17. On these facts I find it hard to see that Article 8 ECHR is even engaged in these appeals. I am told, and I accept, that the three Appellants keep in contact with the Sponsor and their younger siblings. That is to be expected, but nothing has been put forward to show that this contact cannot continue. Nothing has been put forward to show that the arrangements made for the three Appellants cannot continue.
18. It is unfortunate perhaps that the three Appellants' passports did not arrive in 2009 along with those of the other family members, but at that time the first and second Appellants would have been adults, or approaching adulthood, in any event.
19. Even if I am wrong about Article 8 ECHR not being engaged and the five stage test in Razgar is applied then in my judgment that does not assist the Appellants' cause either.
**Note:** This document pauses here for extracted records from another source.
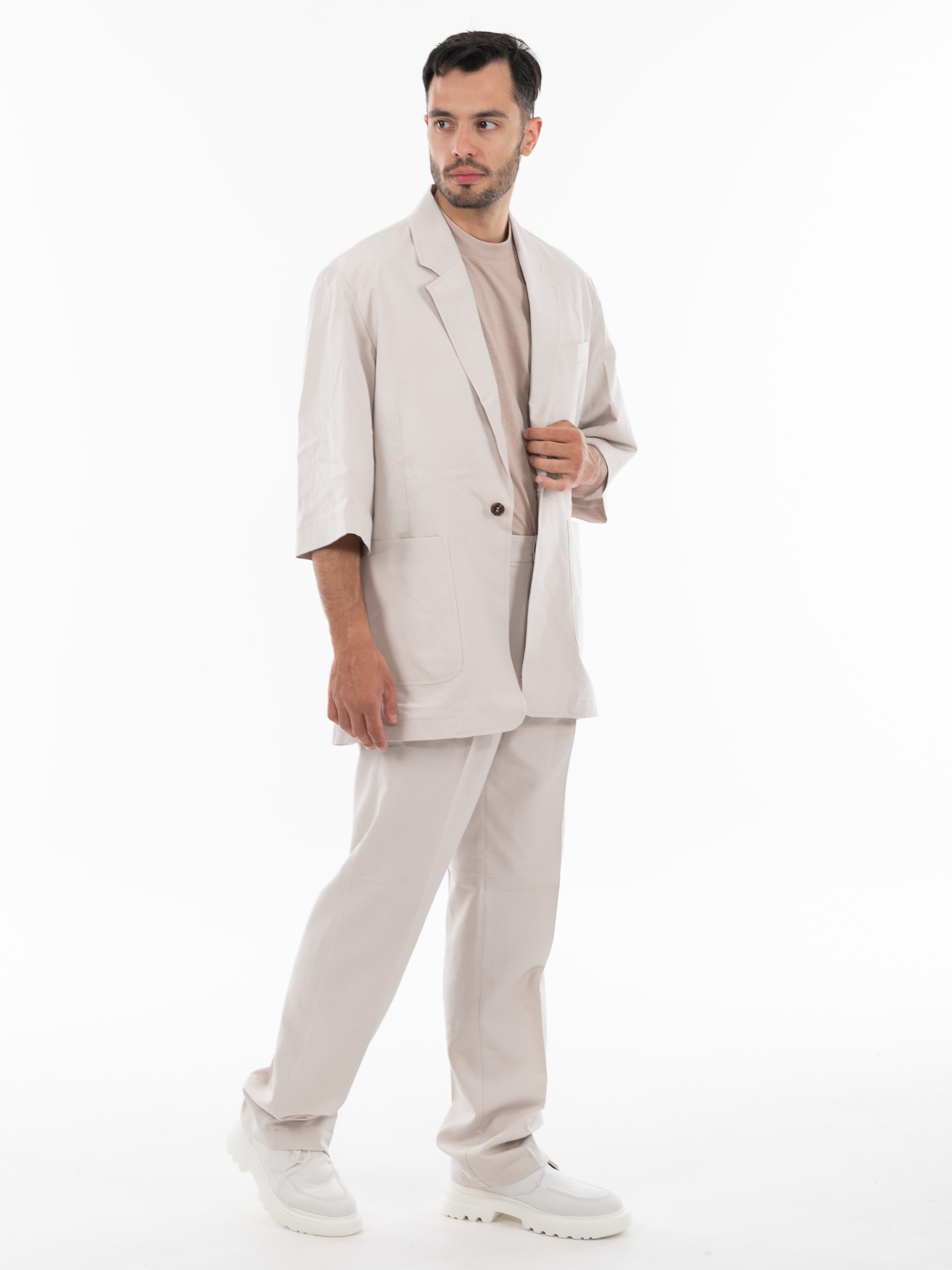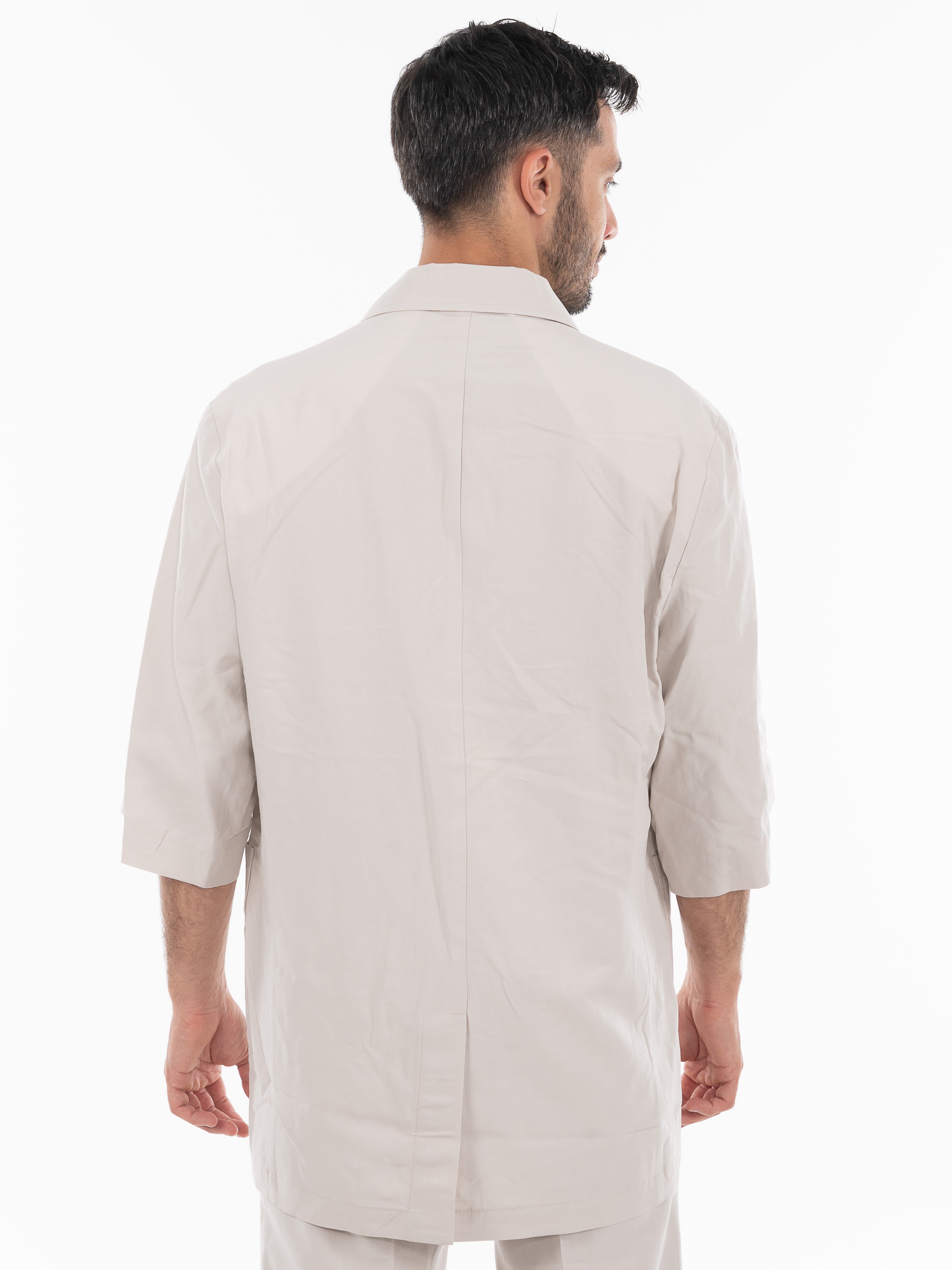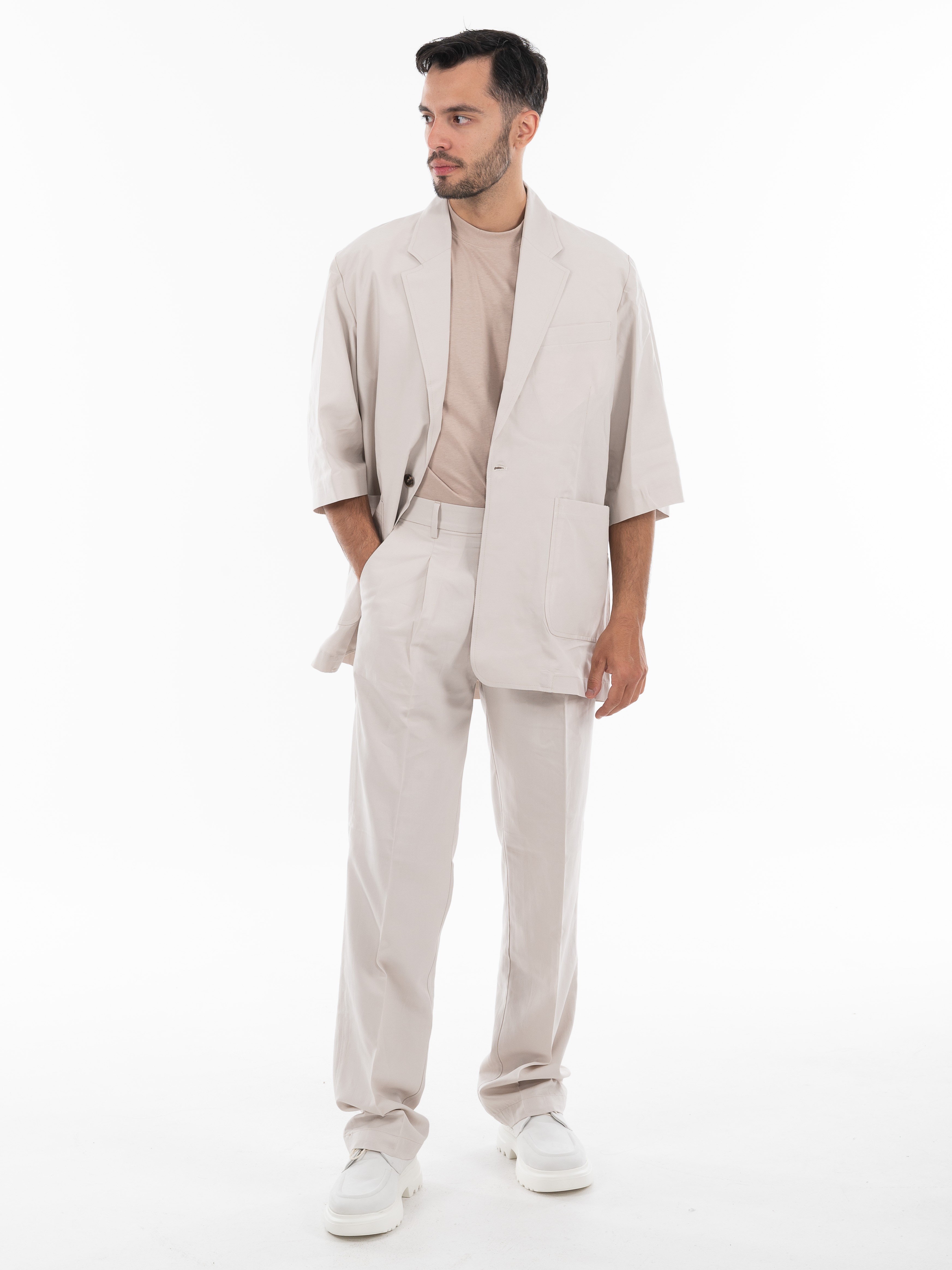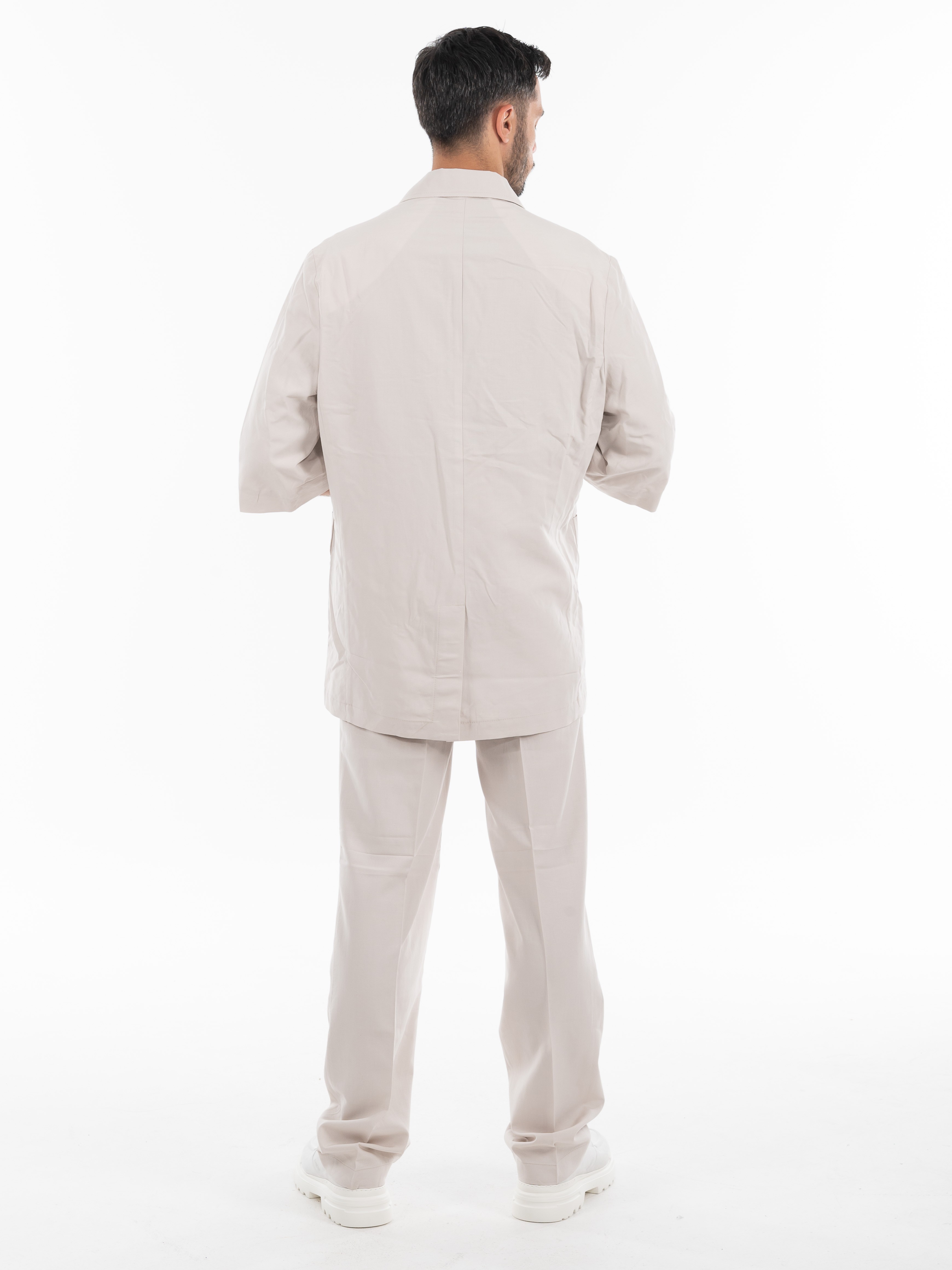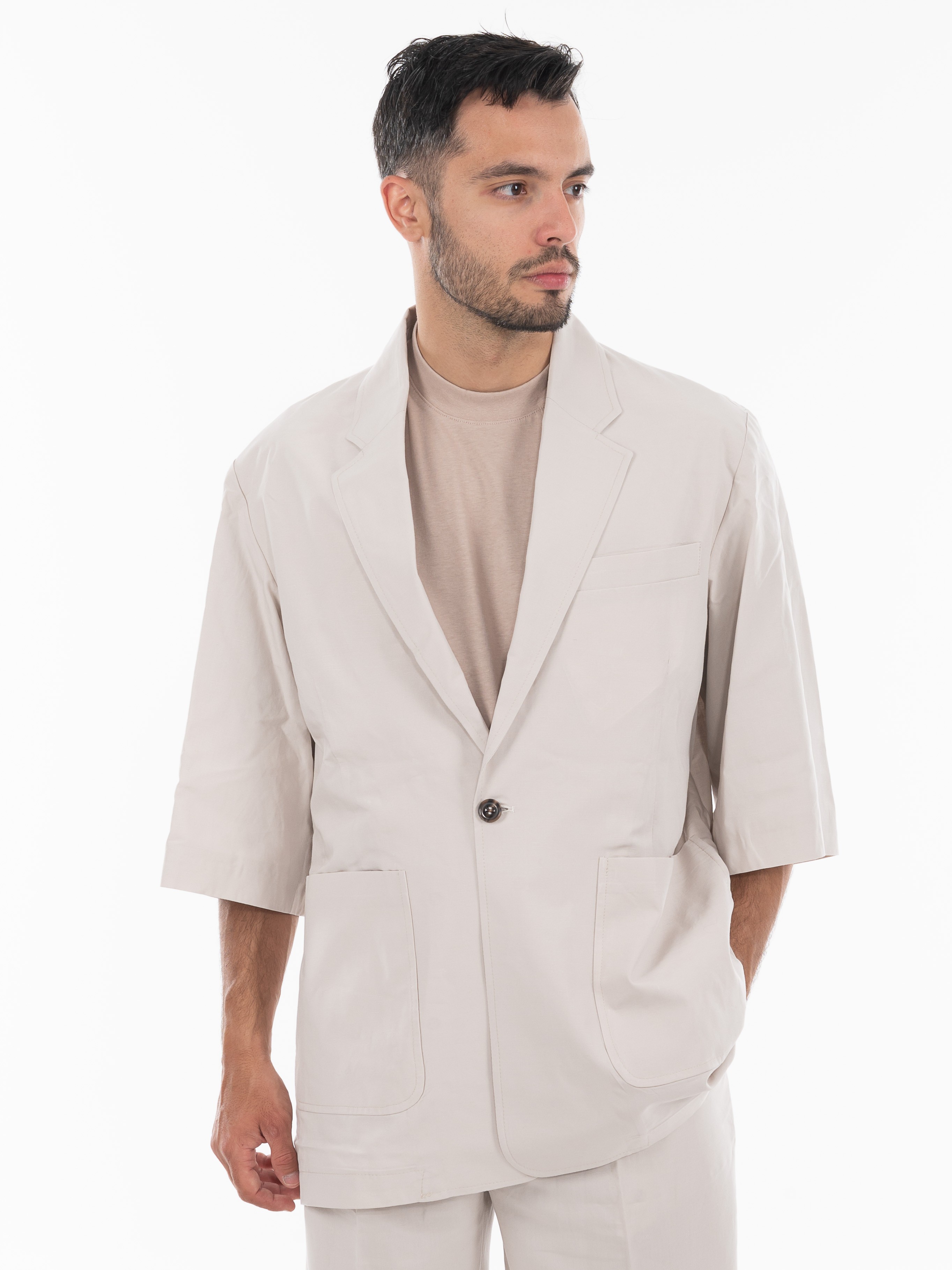 Χαρακτηριστικά: >: Σακάκι κοντομάνικο σε oversized fit γραμμή με δύο κουμπιά. 80% viscose 20% linen
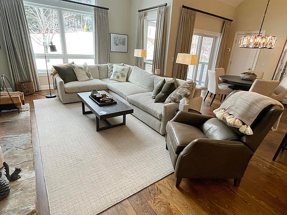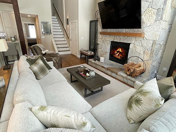 Watch the skiers and riders go by…this is the best in trailside convenience. “P” is one of the few buildings that gives you direct access to Carinthia and its new base lodge. But this condo could be your personal base lodge! Professionally re-constructed & designed open concept living space; cathedral ceiling in the kitchen/living/dining area, natural wood flooring that goes all the way upstairs and into the loft. Kitchen has custom cabinetry & new appliances including SubZero refrigerator, 30-bottle wine cooler, Wolf cooktop, oven, microwave, Cove dishwasher, fully-vented Asko W/D. Restoration Hardware/Arhaus/high-end furniture & fixtures, designer window treatments & wallcoverings throughout. Sony TVs with Apple TV in every room, 75-inch TV mounted above the living room’s fieldstone fireplace. Sonos music system also included. Every bathroom is fully renovated with highest end tile, two with heated floors. All closets are custom fitted with wall safe in primary bedroom. Panel doors & pocket doors with high-end hardware throughout. No detail has been overlooked. Furnace & water heater are less than 5 years old. This rarely available 4bdrm/4bath unit is undoubtedly one of the most tasteful & luxurious at Mount Snow. On-site amenities including a recently renovated and expanded clubhouse with an indoor pool, locker rooms, saunas, owner hot tubs, owner lounge, game room, exercise room, summer outdoor pool, tennis courts, a multi-use court, 2 large grills & a firepit.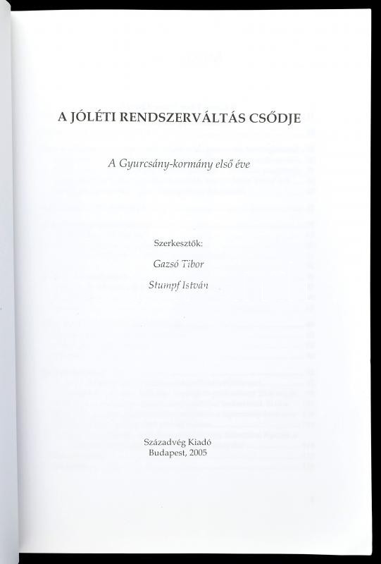 A jóléti rendszerváltás csődje. A Gyurcsány-kormány első éve. Szerk.: Gazsó Tibor, Stumpf István. Bp., 2005., Századvég. Kiadói papírkötés, a borító egyik sarkán szamárfüllel.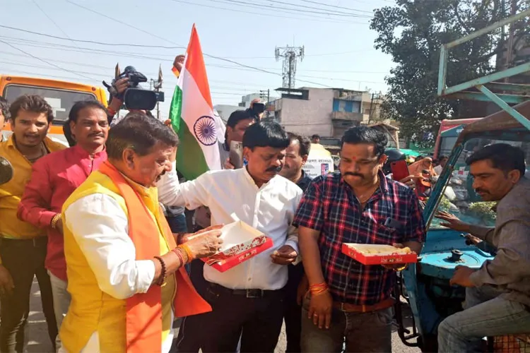 नई दिल्ली: पाकिस्तान स्थित आतंकी ठिकानों पर हमले के बाद देश में जश्न का माहौल देखने को मिल रहा है। भाजपा नेता कैलाश विजयवर्गीय ने लोगों को मिठाइयां बांटी और ट्वीट कर कहा कि आज मंगलवार के दिन "ब्रम्ह मुहूर्त में दुष्टों का संहार" करने पर #IndianAirForce को बहुत-बहुत बधाई। इसके अलावा पटना, इंदौर, चंडीगढ़ और मुजफ्फरपुर से लोगों दवारा जश्न मनाए जानें की खबरे आ रही है।

What has to be looked at is whether the Respondent's decision is proportionate to the legitimate aim of immigration control. What was before the Respondent were applications by three adult siblings to join their parents in the UK, their parents being reliant upon public funds. There was no evidence at the date of decision of anything other than the normal emotional ties between parents and their adult children. It has been said that the Appellants' case is somehow exceptional in that had their passports been issued in 2009, they would have been granted entry clearance under the Respondent's family reunion policy. That is a question that cannot be resolved. The reality is that they made their applications when adults and so far as the evidence laid before me shows, their needs are being met in the DRC. It is noteworthy that all three Appellants have received higher education. Because the Sponsor is reliant upon public funds to fund himself his wife and their minor children here in the UK, any entry by the three Appellants would necessarily add to further public funds being expended.
20. Looking at the totality of the evidence therefore, the Respondent's decision to refuse these applications is proportionate and these appeals are dismissed.

Notice of Decision

The FtT Judge erred in law. His decision is hereby set aside. I remake the decision dismissing the Appellants' appeals against the Entry Clearance Officer - Nairobi's decision to refuse entry.

No anonymity direction is made.

Signed Date 5th December 2014



Judge ROBERTS
Judge of the Upper Tribunal




TO THE RESPONDENT
FEE AWARD

I have dismissed the appeals and therefore there can be no fee award.